It was truly a small town and university in 1940. The men of the Square knew the student leaders and some of their parents too. Leaving campus, the kids would cross the tracks at the Depot and walk up Van Buren to the Square. Frat boys sported clothes from Neilson’s charged to the same account their grandfathers had set up for their fathers a generation ago. They hung out at the diners and cafes. They gave as good a ribbings as they got. They were bright with bright futures and future families and living families who would never really get over it. En loco parentis the men of the Square received the sad news as the last months of the war began to wind down in our favor.
Grandfather Cofield knew these boys from their sitting on his studio posing stool. And from the shots on campus of them holding this or that student office or receiving a student honor. When asked by his grandson years later about these long lost heroes, he’d do little more than shake his head in sympathy. For mixed with the memories of our Lafayette County boys, were our Ole Miss dead. And so it should be remembered that Ole Miss’ and Oxford’s contributions were great as the hushed word made it around the Square when the 1942 UM Student Body President, Gus Gerard of Grenada, and Vice-President Bill Sam of Vicksburg, and the 1943 Student Body President Hermann Baxter from Bay St. Louis, were all killed in service to the nation in 1944.
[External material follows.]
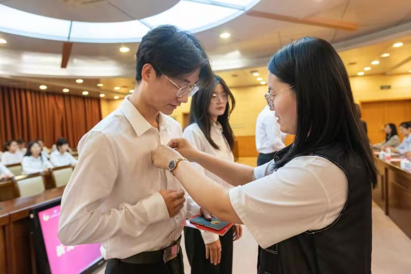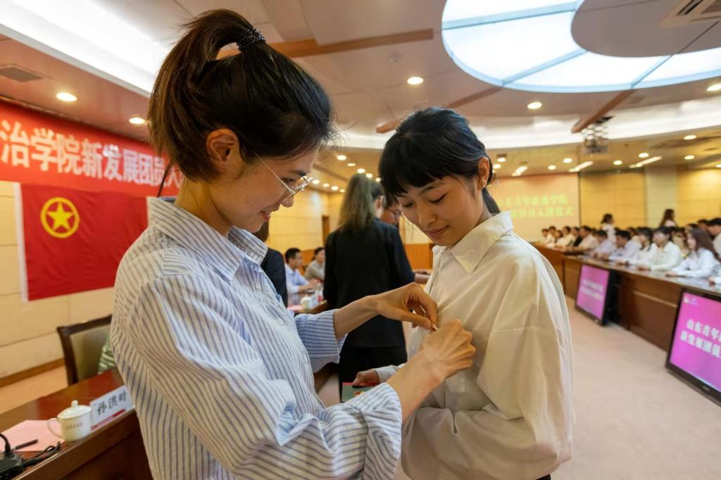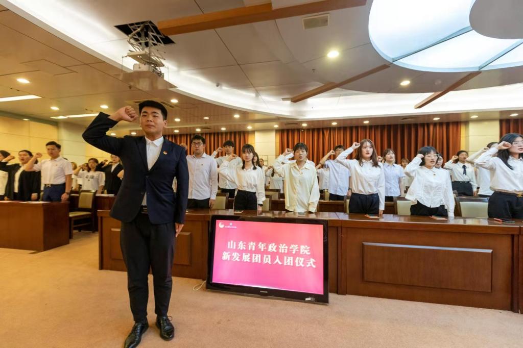 入团仪式上,孟祥佳以及各学院团总支书记、辅导员代表为新发展团员佩戴团徽并颁发团章、团员证。政治与公共管理学院2020级法律事务专业马伯泉带领全体团员青年一同重温入团誓词。入团介绍人代表、外国语学院2019级应用阿语专业马鑫昌宣读《团章》中有关团员义务和权利的条例。会计学院2018级审计专业董晓璇作为优秀老团员代表发言,她提醒同学们要时刻牢记自己作为一名共青团员的责任与使命,在团组织的领导下,找到人生真谛、生命价值和事业方向。外国语学院2019级西班牙语专业孔佳庆代表新发展团员作表态发言,她表示,新发展团员应当自觉听党话,跟党走,坚定理想信念,传承和弘扬红色基因,为广大青年学生做好表率与榜样。
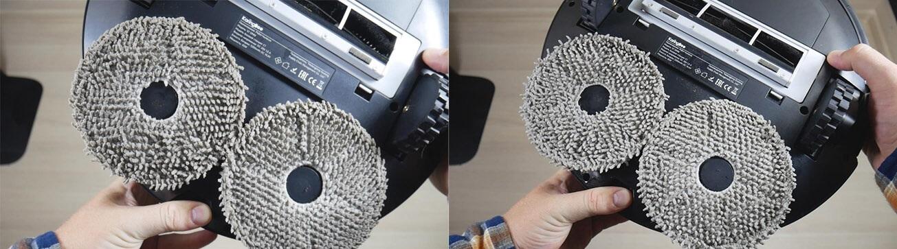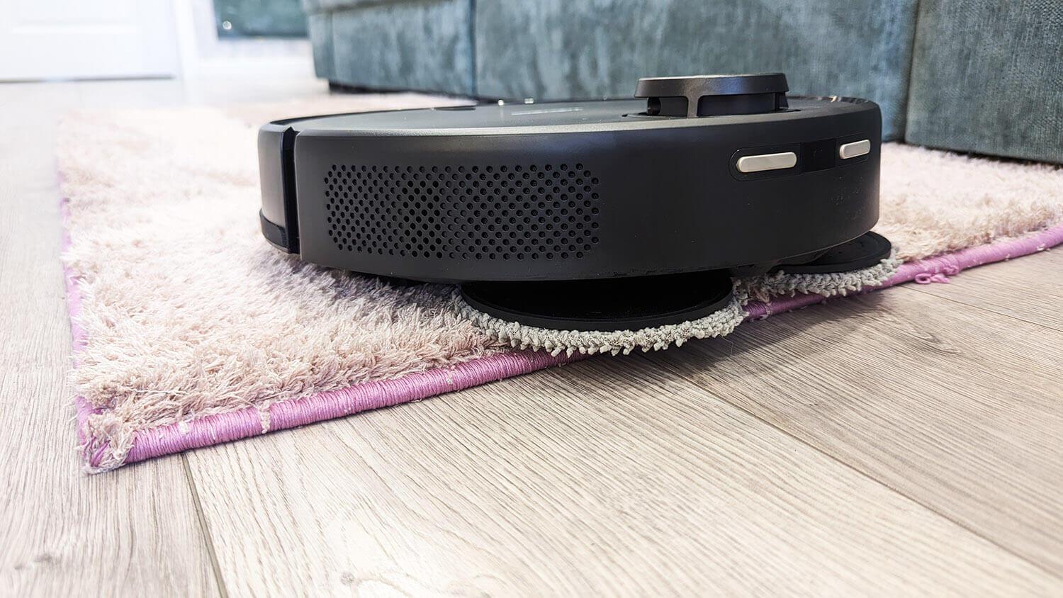 Pri mokrem čiščenju preprog imate dve možnosti za delovanje robota. V načinu mokrega čiščenja omogočite samodejno izogibanje preprogam, kar je bolj logično. Lahko pa tudi onemogočite izogibanje preprogam, kar pomeni, da bo robot s svojimi čistilnimi blazinicami zapeljal na preprogo in tako onemogočil vrteče se diske. To bo neizogibno povzročilo stik mokrih čistilnih blazinic s preprogo, kar ni idealno.

Were it only these three then the tragedy would be as bad as it could get, but there were many more. And for the memories of these Rebels of Ole Miss and Oxford, knowing that each in his turn turned back for a last look at his Ole Miss, we honor their fighting American spirit and their red and blue ties to us. And with the turning to go, they began a longing to see her again. To see his mother, to see his girl, to see the green grass of his Ole Miss home. But it was not to be, and there were too many of those silent goodbyes to Ole Miss and voiced goodbyes to the men around the Square. And as the two shop owners turned and went back in their stores, they knew the grief that can only darken a small college town.
John Cofield is a HottyToddy.com writer and one of Oxford’s leading folk historians. He is the son of renowned university photographer Jack Cofield. His grandfather, J. R “Colonel” Cofield, was William Faulkner’s personal photographer and for decades was The Ole Miss yearbook photographer. Cofield attended Ole Miss as well. Contact John at johnbcofield@gmail.com.
Kaye Bryant
May 26, 2015 at 7:37 am
Once again you have captured the feeling of a time and place before your time and have articulated it in a way we can all relate.
Maralyn Bullion
May 26, 2015 at 10:51 am
I was right there and knew all three of the student body presidents. It was after Bill Sam left for the war that I replaced him as ASB. Those three were three of the finest and had bright futures ahead. I lost a sweetheart (from MS State yet)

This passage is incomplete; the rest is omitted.